More research please
Years ago I put my name down to volunteer for research into Multiple Sclerosis(MS). I was actually one of the participants in a pilot test for Betaseron in Winnipeg, Manitoba before it was added to the formulary. I am willing to do almost anything to help find a cause, cure, test potential cures , etc. I’d basically try anything – let’s rebuild some Myelin – that would be the ultimate for me personally.
Once I was asked if I wanted to participate in research about fat reduction. Fat reduction? What has that got to do MS. A side affect of my MS subcutaneous injection medication was craters in my skin. Sort of like divots on a golf course.
These injections were placed in the upper thighs, buttocks, and stomach area. These injection sites, I was told, are to be hidden from sunlight. I was supposed to rotate every second day. Thighs, buttocks, and then stomach. I hate needles yes that’s right hate. I especially hate injections in the stomach area. So I decided to skip that area and just use the other two options.
Over time these craters developed (fat reduction?) and if you saw me naked you’d see them on my upper legs and buttocks. It’s an awful sight – the craters are bad too – ha. Thank goodness I did not do my stomach area.
I did not sign up for that research project.

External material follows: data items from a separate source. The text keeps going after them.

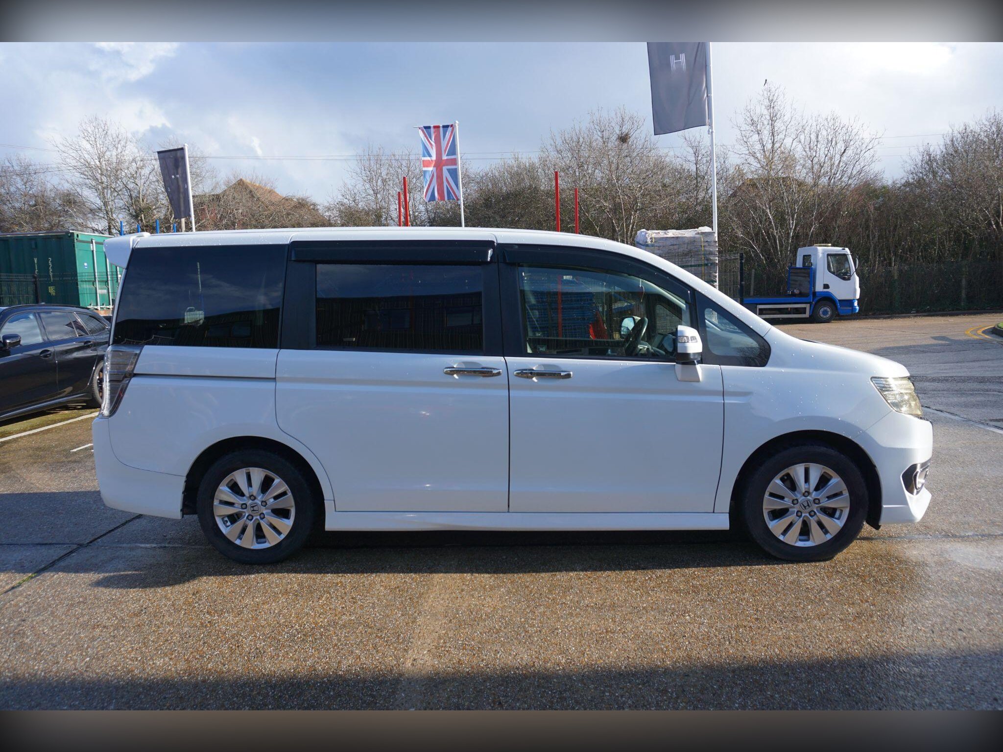 Another stunning Pearl White Honda Stepwagon Spada 2.0 Cool Spirit has arrived in our stock now. V5C present, and registration is HT13KLE, Financing available from 5.6% APR (final rate subject to credit score) and all major credit cards are accepted. Road Tax £360/Year.Honda Stepwagon is one of the most popular compact MPVs in Japan and the Far East countries. The car was 1st registered in April. 2013 in Japan, and it has 69954miles (112581KM) on the clock. Genuine facelift model, VSA, Engine Start/Stop as standard. All 3-point seatbelts are available on the passenger seats. The lap belt is no longer available on the 3rd row seat. As a Cool Spirit model, it has both power sliding doors, cornering lights, cruise control, partial leather seats, and ECO mode. I drove a 3000-mile round trip on the same model last Summer, the engine performance is great, and the 2.0 I-VTEC engine produces enough power for motorway trips and reasonable fuel consumption for town running as well. Although it was designed as a compact people carrier, it comes with all the essential equipment you need for a long-distance trip or a daily driving transporter. It can also be used as a minivan as the 3rd-row seat can be stored in the boot completely flat, giving a huge boot space. The 2nd-row seat can also be folded and moved forward to create maximum space if you need to use it as a day camper for sleeping. The aisle between the 2 captain seats gives easy access to the 3rd-row seat without folding or moving any seats. I would strongly recommend viewing and test-driving it if you consider purchasing a Vauxhall Zafira, Nissan Serena, or similar vehicle. I am sure you would like the driving experience and practicality for daily life. We also offer to fit a 10-inch touchscreen upgrade English stereo (option) that comes with Apple CarPlay and Android Auto. Delivery can also be arranged. We have asked our partner garage to complete a clear wax underneath sealing, a fresh MOT, and a health inspection before we hand it over to the new owner. The car also comes with a 3-month, extendable warranty. -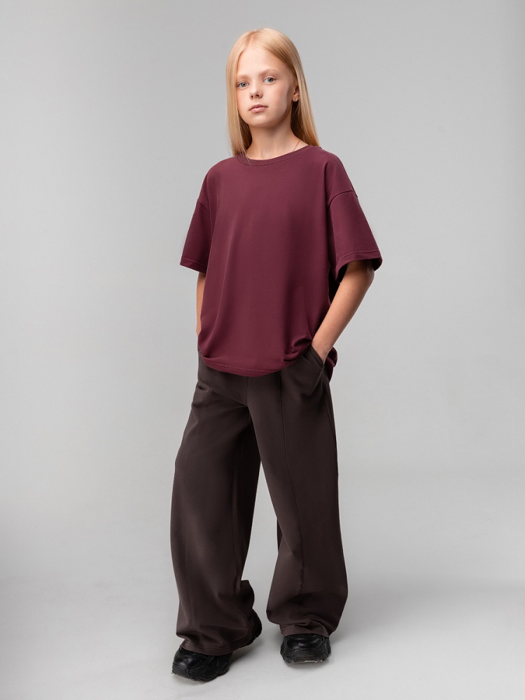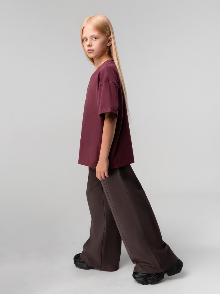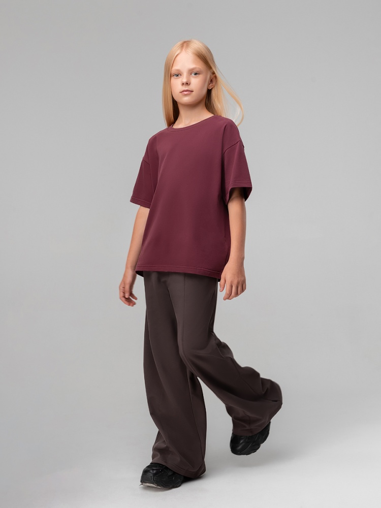 Материал футер двухнитка Состав 92% хлопок 8% лайкра Брюки для детей школьного возраста. Брюки свободные, расширенные к низу, на притачном поясе с внутренней резинкой, с боковыми карманами. Передние половинки брюк с вертикальными рельефами от талии до низа изделия. Низ изделия обработан на спец. машине.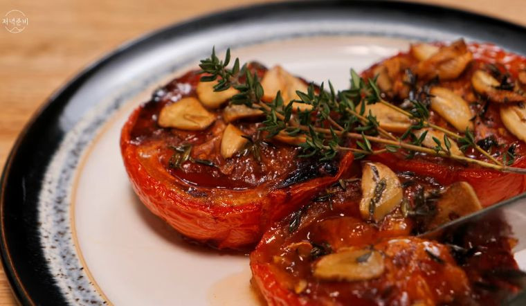 Cà chua đút lò có hương thơm kích thích vị giác. Cà chua mềm, mọng nước, thơm vị tỏi và lá hương thảo. Phết một ít cà chua lên bánh mì giòn và cắn một miếng, bạn sẽ cảm nhận được trọn vẹn vị ngon của cà chua nướng.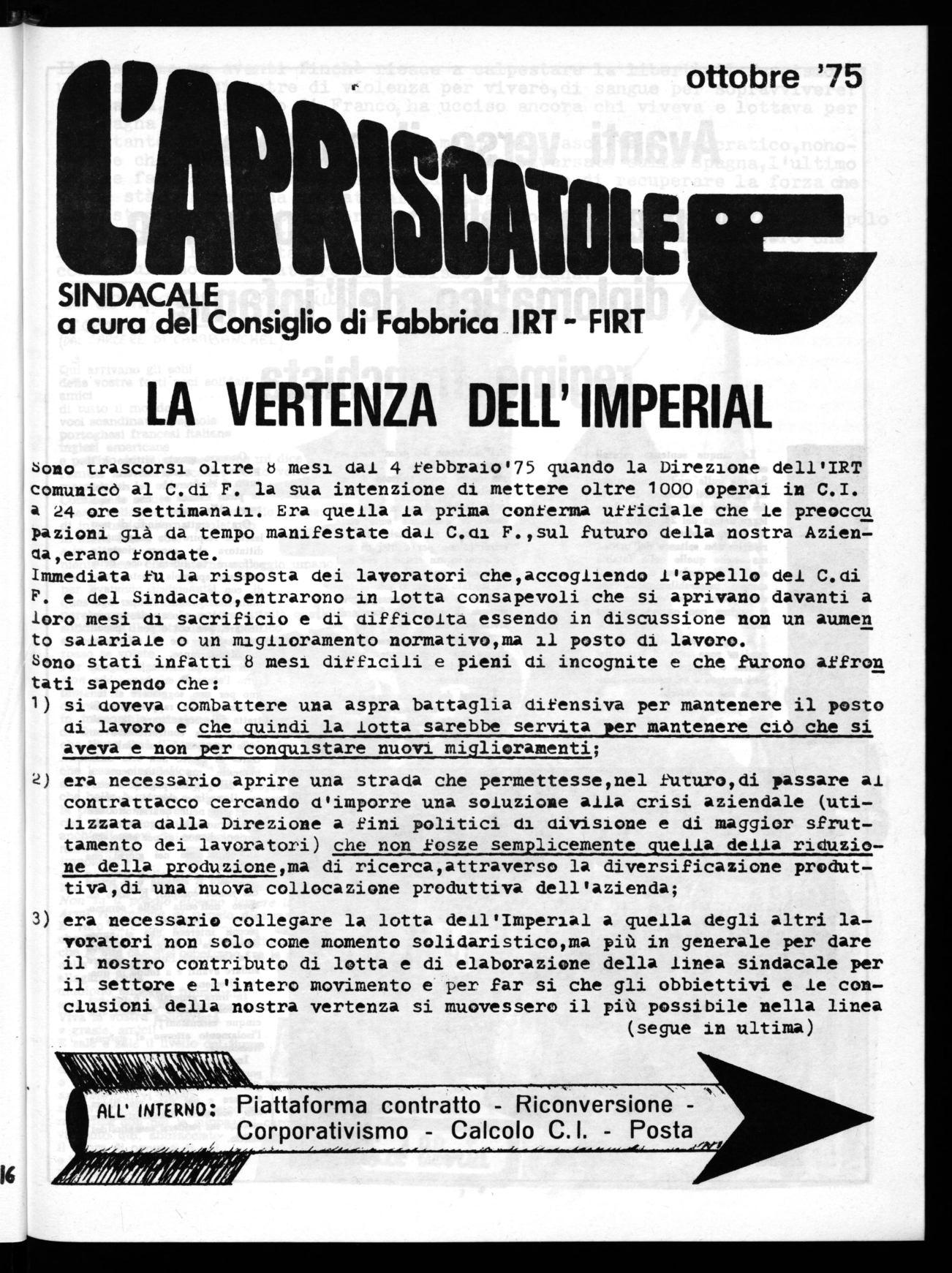 era necessario collegare la lotta dell'Imperial a quella degli altri lavoratori non solo come momento solidaristico,ma più in generale per dare il nostro contributo di lotta e di elaborazione della linea sindacale per il settore e l'intero movimento e per far si che gli obbiettivi e le conclusioni della nostra vertenza si muovessero il più possibile nella linea (segue in ultima)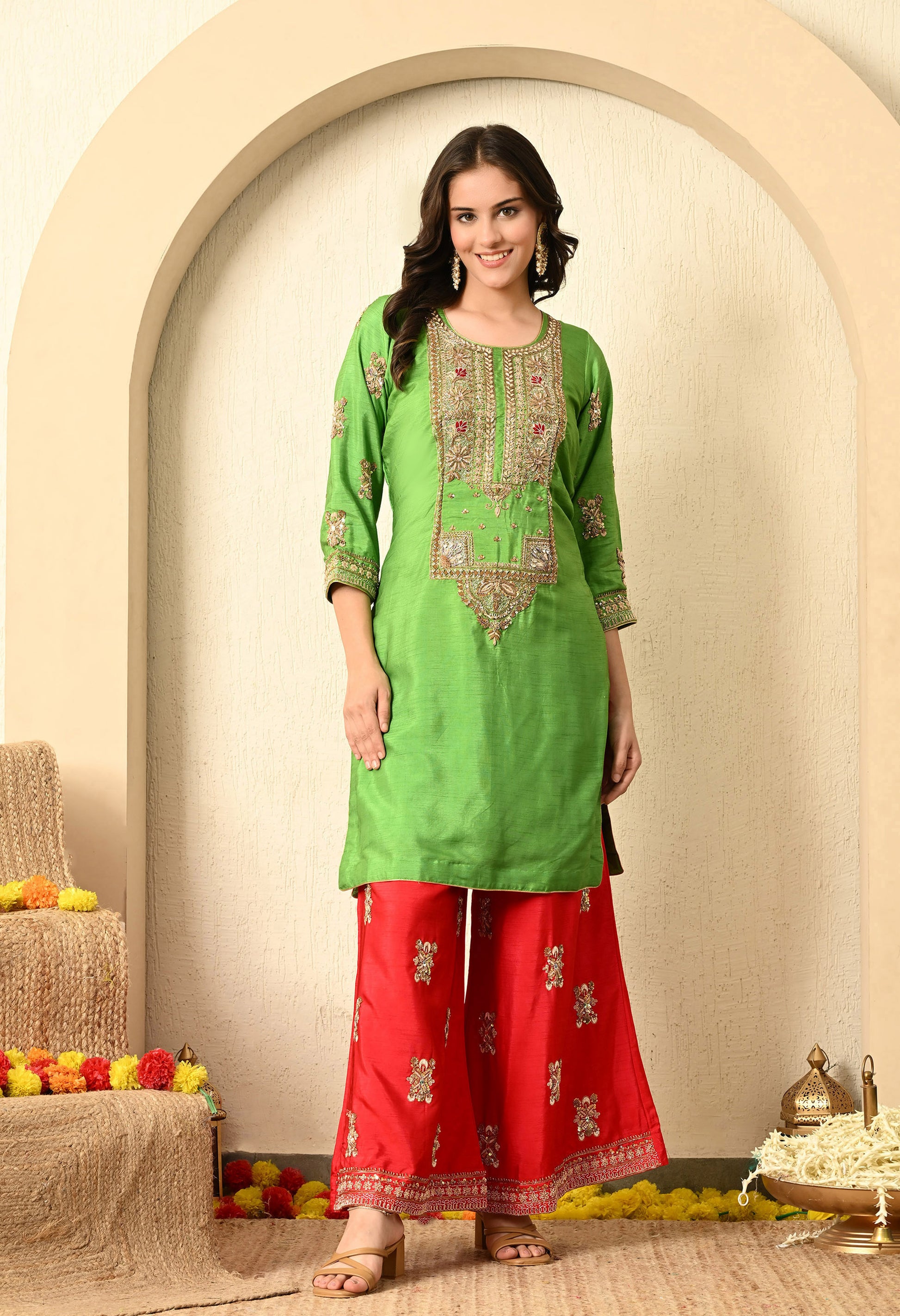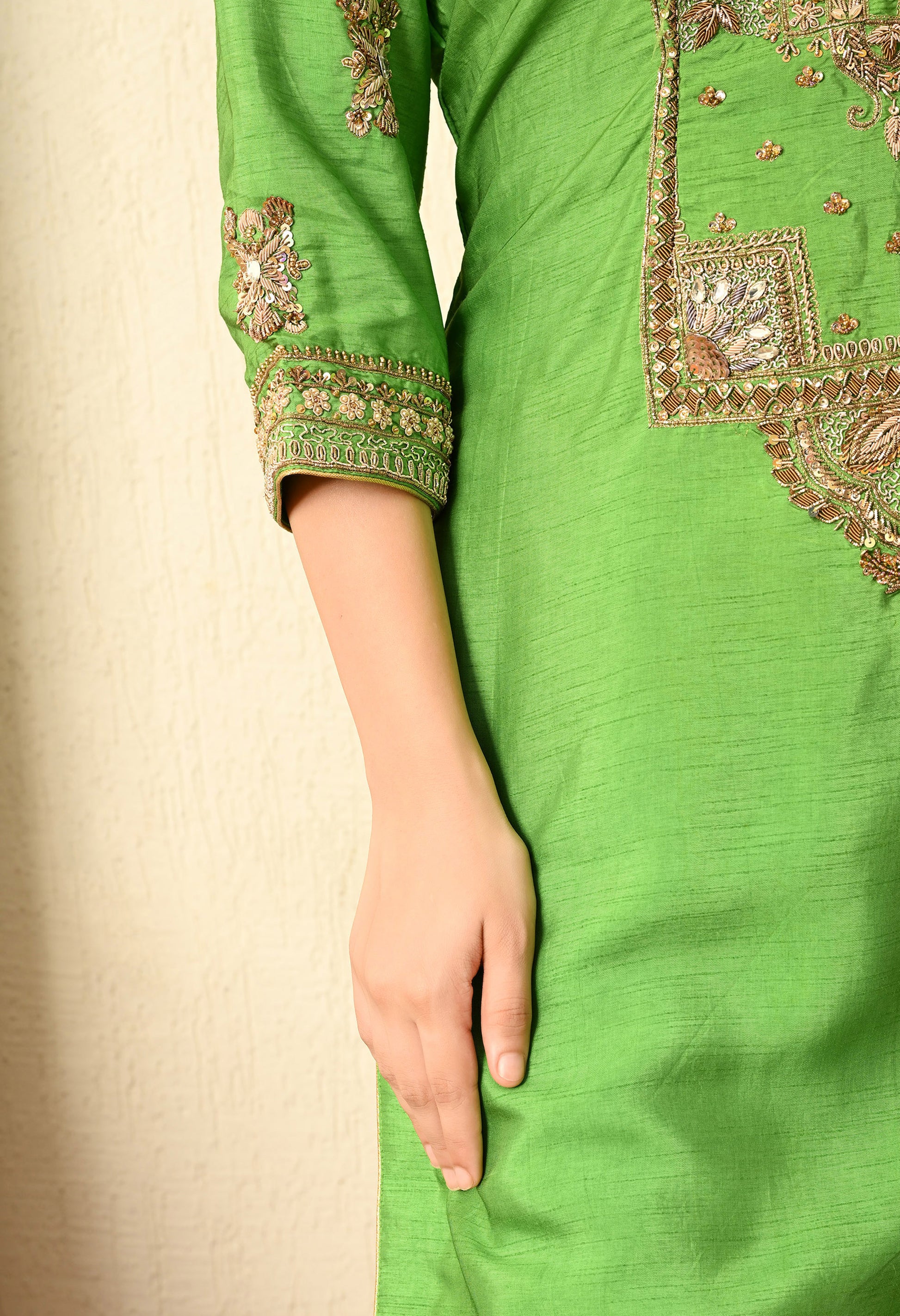 Parrot Green Kurta Set with Zardozi, Stone, and Sequence Work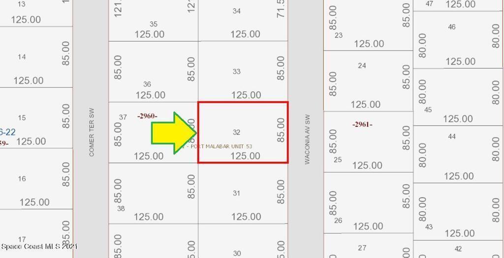 0.24 acre residential investment property for sale in Port Malabar Unit #53 of Palm Bay. Located in the southwest section, the lot does have road access but no utilities. The City of Palm Bay does not have any plans of placing utilities to this lot or area; so the lot is not build-able at the present time. The seller has no known knowledge of the property and makes no representations except for title. From exit #176 of I-95 go west on Palm Bay Road for .7 miles, left on Minton Road for 3.3 miles, right on Jupiter Blvd. for .1 mile, left on DeGroodt Rd. for 2.5 miles, right on JA Bombardier Blvd. for 2.6 miles, right on Carter, continue on Baffle, right on Blanton, right on Cedar, right on Waconia. The lot will be on your right.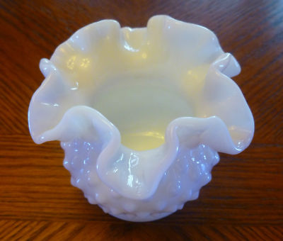 Fenton Crimp Hobnail White Milk Glass Rose Bowl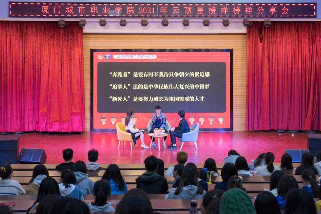 国家励志奖学金和学校全额奖学金获得者、机械与自动化工程系2019级机电设备维修与管理专业的曾林伟同学分享了自己从职业技能“小白”到专业竞赛达人的科技创新之路,他表示,“我把盖军衔精神和城院‘三好人’的要求作为自己的行动指南”,“青春,是追求卓越”。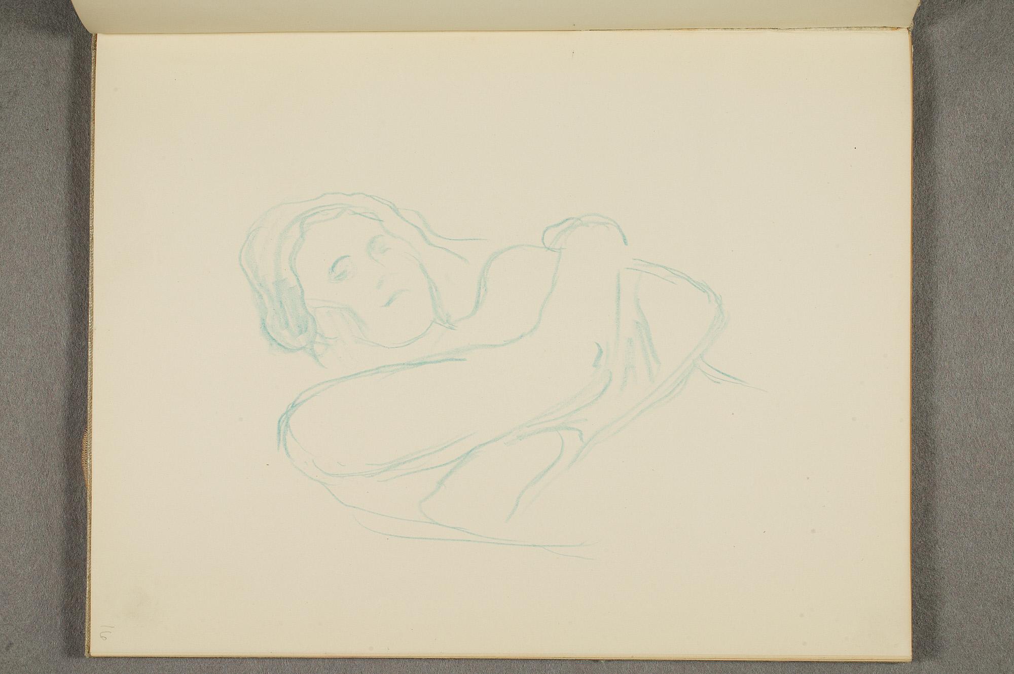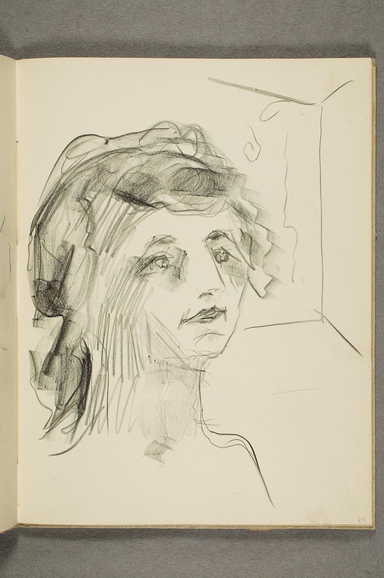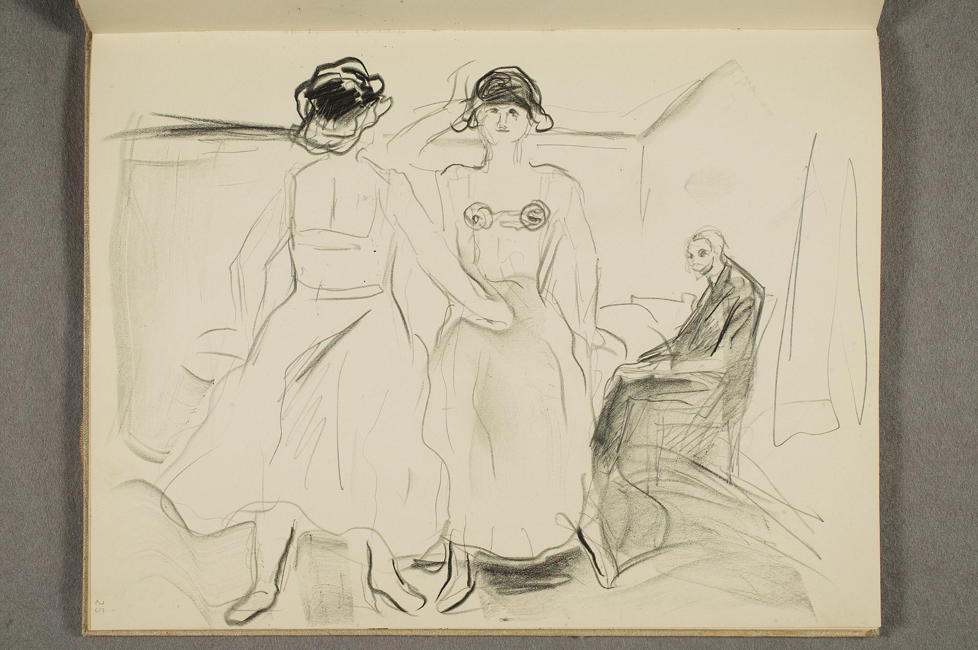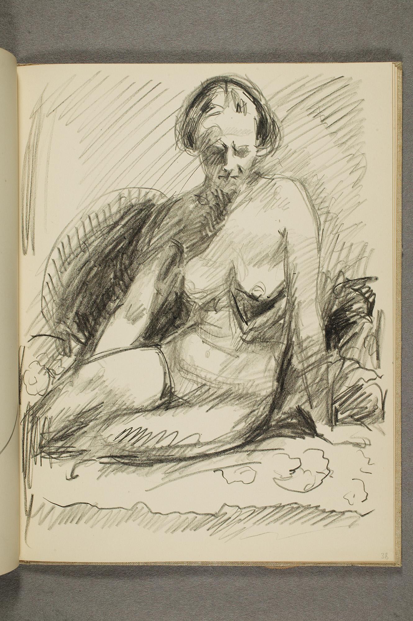 Comment:Flere motiver i denne skisseboken, bl.a. tegningene med kabaretscener, synes å ha tilknytning til 1916, mens andre er av senere dato. Hildur Christensen begynte hos Munch som husholderske i 1923, og ble også benyttet som modell. Hennes karakteristiske skikkelse er lett å kjenne igjen i akttegningen på side 38. Skisseboken var trolig i bruk i tidsrommet 1916–25. (PP)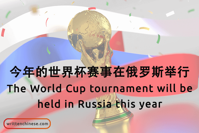 Example: 今年的世界杯赛事在俄罗斯举行。(jīnnián de shìjièbēi sàishì zài é luó sī jǔxíng) The World Cup tournament will be held in Russia this year.

However I recently said yes to a research project that is looking at a different way to diagnose and monitor MS. It’s a small dime sized device that is attached behind the ear.
As part of the research I have to get an MRI which is about 35 minutes long, a cognitive capabilities test which lasts about two hours (in my case maybe three – ha). And perform some balance tests while wearing the device.
I have had lots of MRI’s so for me this is no big deal. However this one was way different. If you don’t know, an MRI machine is a closed-in long narrow tube that you lie inside. It creates a magnetic field and there are very loud sounds, at different frequencies, and at different intervals. They provide an image of whatever is being looked at. Ear plugs or music are provided but it’s so loud you can’t hear the music. They also put your head in a cage and you have to stay completely still.
They give you a inflated rubber ball with a tube attached and it’s placed in your hand and told to squeeze it if you have any problems or concerns like you want to get out.
I was given particular instructions that at some point I have to open my eyes for ten minutes. I’ve never done that before I’m like the ostrich that hides it’s head in the sand – I don’t want to see what’s going on.
This MRI is way different. The noises, frequencies, and cadence are all different. I wish they had a clock inside so I could see how much longer I have to stay inside. Normally I can handle it but I had difficulty this time. I made it through the first ten minutes, the second ten with my eyes open and about three quarters way through on the last ten. There was something about the sound and cadence of the last ten that got me. My legs, then my hands, torso, and then my head started to go numb. And at the same time I’m vibrating from the inside – I feel super weird. And if I can’t feel my hands I can’t feel the ball I’m supposed to squeeze if I want to get out – I start to panic and I squeeze it but I’m not sure if I’m actually squeezing it so I push it against my leg. Fortunately they know I’m squeezing and I hear a voice, and the table starts sliding out. Phew. Apparently I was almost done and they got enough for the research.
Twenty six years ago I was diagnosed with Multiple Sclerosis and still no known cause or cure. Research, obviously, is the way to solve this. The more the better.
It feels good to do my part.
Take care
You are an amazing human!!!
Incredible! Praying that your contributions will bring answers to the cause and will provide a cure in your lifetime.